• Bobo Coen

Stonekind - Spirit of the Void

There have been a few Guitar/Drum duos from the highly successful such as the White Stripes and The Black Keys to the strictly cult such as Telekinetic Yeti whom before imploding in a storm of infighting managed to release instant doom classic and a much sought-after collectible album Abominable

Finding themselves in this category is North Carolina band Stonekind. Formed in 2016 and having a self-titled, self-released E.P. under their belts they dispensed with their bass player and forged ahead as a duo consisting off Davis Templeton (Guitars) and Jeff Ayers Jr (Drums and Vocals). Templeton pulls double duty on debut album Spirit of the Void adding bass on almost all tracks. So, it remains too been seen if they continue as duo or revert to a power trio.

The album itself is again self-released and available via Bandcamp. Starting of with a chilled laid-back instrumental Ashes Pt.1 all phased acoustic guitars and, in the pocket drumming it serves as an extended introduction to the first real track Ashes Pt.2

It is clear from the start that the vocals of Ayers Jr are strong and melodic and the fact that the drumming is far from straightforward makes this an impressive start. Singing Drummers being rarer than hens’ teeth in this type of music. Off top of my head the only one I recall is Dan Beehler from second division metal heads Exciter.

Stonekind combine bluesy riffing and grooves that leans towards the Grunge end of the spectrum and the solos of Templeton recall Pearl Jam’s Mike McCready at his most rocking. The title track Spirit of the Void is a prime example of this approach and is a calling card for the overall sound of the album.

This is not to say the album is a mere Seattle influenced descendant but there are definitely sprinkles of the sound throughout. This is not under any circumstances a bad thing. The Guitars twist and turn in unexpected ways and the drums push the songs forward., however having played together for five years has instilled an enough confidence in the playing that it in itself becomes its own individual entity.

There are curve-balls with mid album instrumental Dust has a flavor of pastel folksiness and serves as a palate cleanser before a seamless Segway in to Behold the Stone that sways and rolls along to a rhythm bursting with groove.
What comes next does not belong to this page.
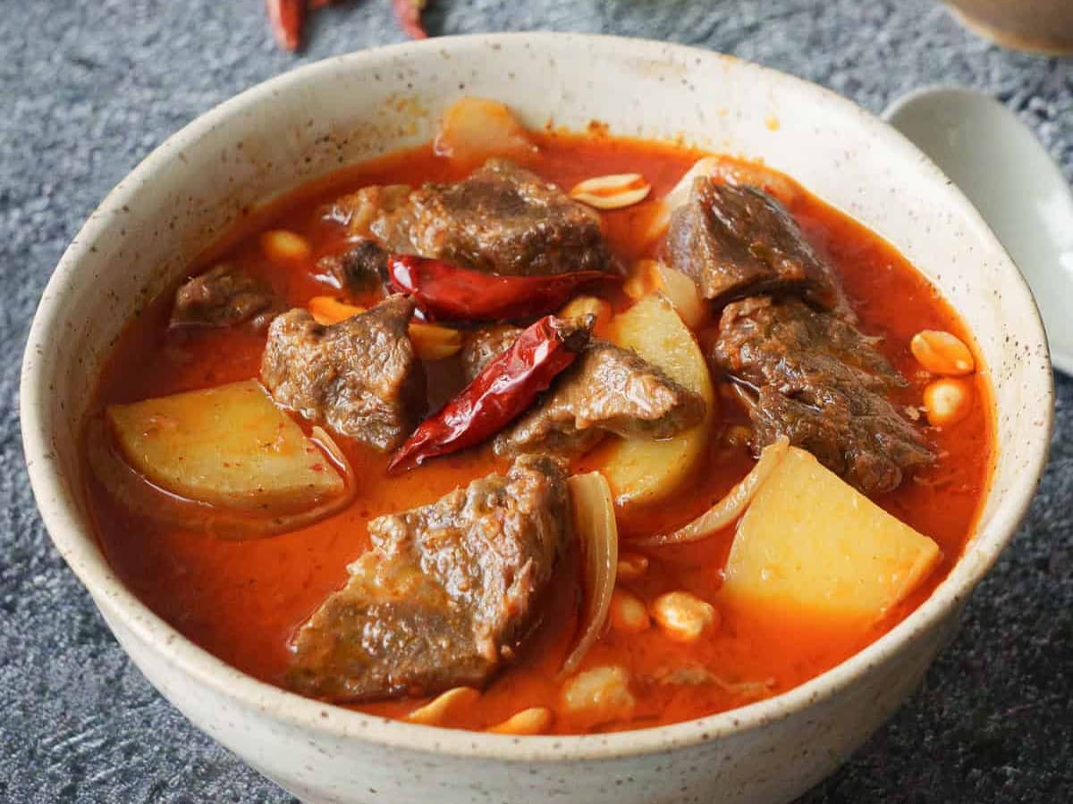 Tender beef and potatoes slow cooked in a coconut based curry of our handmade spice paste. Served with aromatic rice, chilli cucumbers and the crunch of peanuts.

Nomadic clocking in at 9.02 is Epic by the standards of the rest of the album and allows the band time and space to move around freely and cover a lot of ground. Moving from out and out rock to quieter more psych moments and back. It is a fitting finale to the album.

……except it isn’t.

Included here is a unique experience in a track called Spirit of the Void (Gapless) which is exactly what it says. The album presented as one track. In an age of personalized playlists this invites the listener to fully commit and engage and digest this body of work in one sitting. It is a nice touch and is to be applauded.

Overall Stonekind have delivered an album of Classic Rock with a hard edge without falling into the trap of heaviness for the sake of heaviness. They know exactly what they are doing. Keeping the songs short, focused and economic. The choruses are big with a capital B and the Riffs land the right side of fuzz driven. They never loose sight of what serves the songs best and execute this with a confidence and enough class to impress.

Another contender for Debut of the Year? Possibly.

A Great, Solid Rock Album? Definitely.